● EXERCISE DESCRIPTION:
Everything below from the line with "Little Treasure gift" through the line with "Change up any" must be retyped exactly, except the pictures.

● DATA PROVIDED:
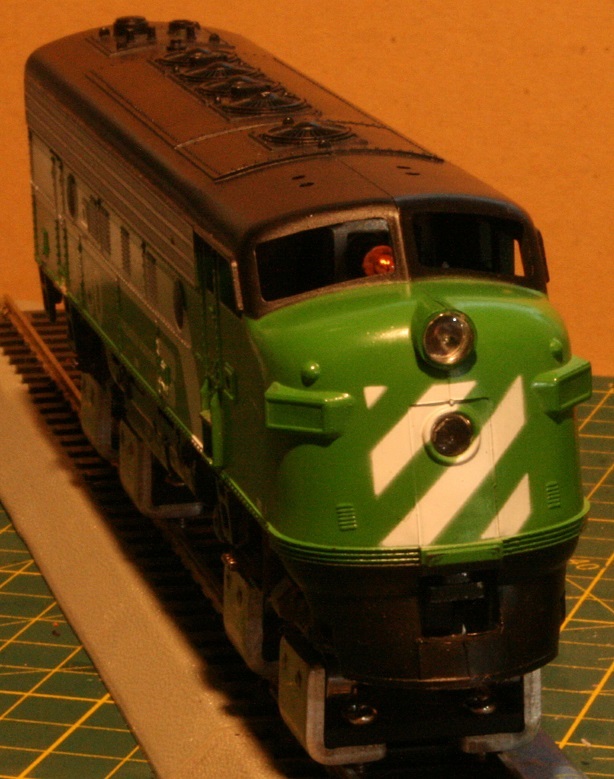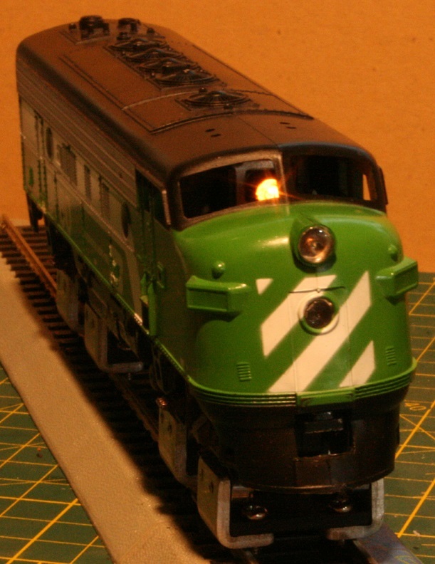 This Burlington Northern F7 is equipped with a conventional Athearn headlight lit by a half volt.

* * *

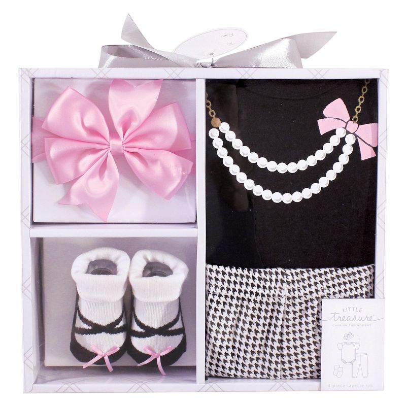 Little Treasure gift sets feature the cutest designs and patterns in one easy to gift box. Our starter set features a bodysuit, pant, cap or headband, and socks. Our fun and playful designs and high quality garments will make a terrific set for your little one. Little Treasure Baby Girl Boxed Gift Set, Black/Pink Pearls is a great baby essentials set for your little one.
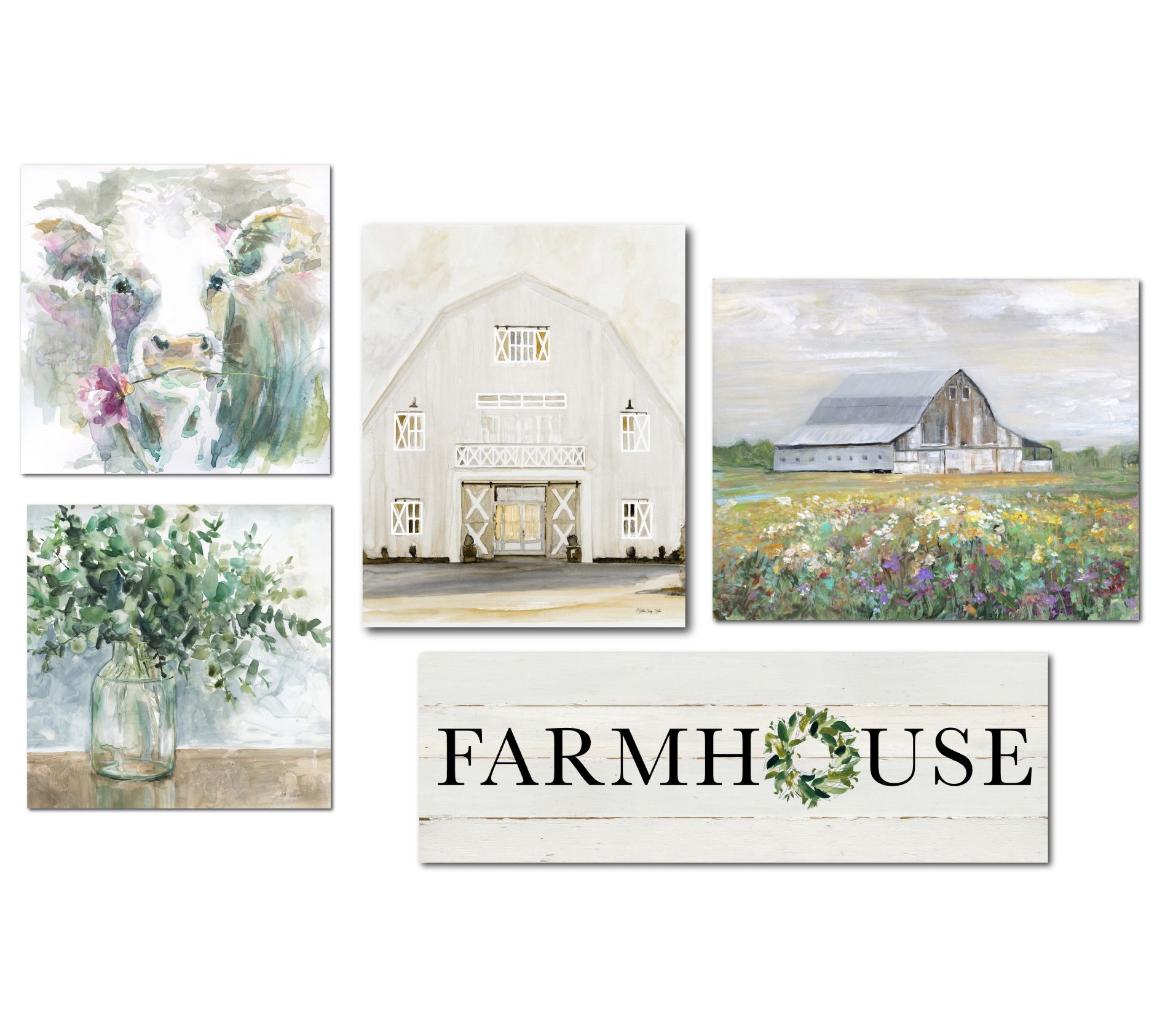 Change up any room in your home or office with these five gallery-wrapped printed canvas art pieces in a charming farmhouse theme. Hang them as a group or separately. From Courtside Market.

==

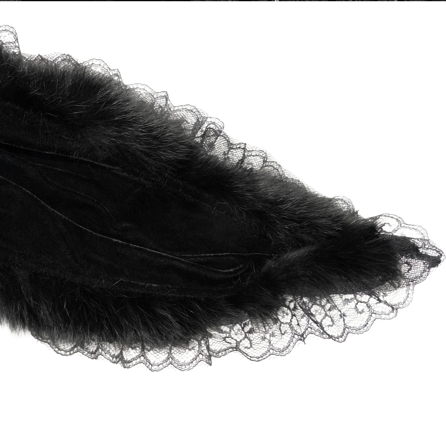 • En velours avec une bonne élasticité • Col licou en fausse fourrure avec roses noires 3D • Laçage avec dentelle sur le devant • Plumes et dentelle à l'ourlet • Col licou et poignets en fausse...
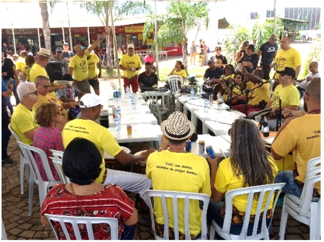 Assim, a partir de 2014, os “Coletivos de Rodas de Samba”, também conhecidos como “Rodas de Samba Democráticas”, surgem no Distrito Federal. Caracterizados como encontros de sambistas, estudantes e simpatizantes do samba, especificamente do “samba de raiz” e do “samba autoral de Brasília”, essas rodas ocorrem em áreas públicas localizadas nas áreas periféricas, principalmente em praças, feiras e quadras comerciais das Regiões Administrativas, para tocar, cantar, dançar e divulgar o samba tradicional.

● YOUR SOLUTION:
 Little Treasure gift sets feature the cutest designs and patterns in one easy to gift box. Our starter set features a bodysuit, pant, cap or headband, and socks. Our fun and playful designs and high quality garments will make a terrific set for your little one. Little Treasure Baby Girl Boxed Gift Set, Black/Pink Pearls is a great baby essentials set for your little one.
 Change up any room in your home or office with these five gallery-wrapped printed canvas art pieces in a charming farmhouse theme. Hang them as a group or separately. From Courtside Market.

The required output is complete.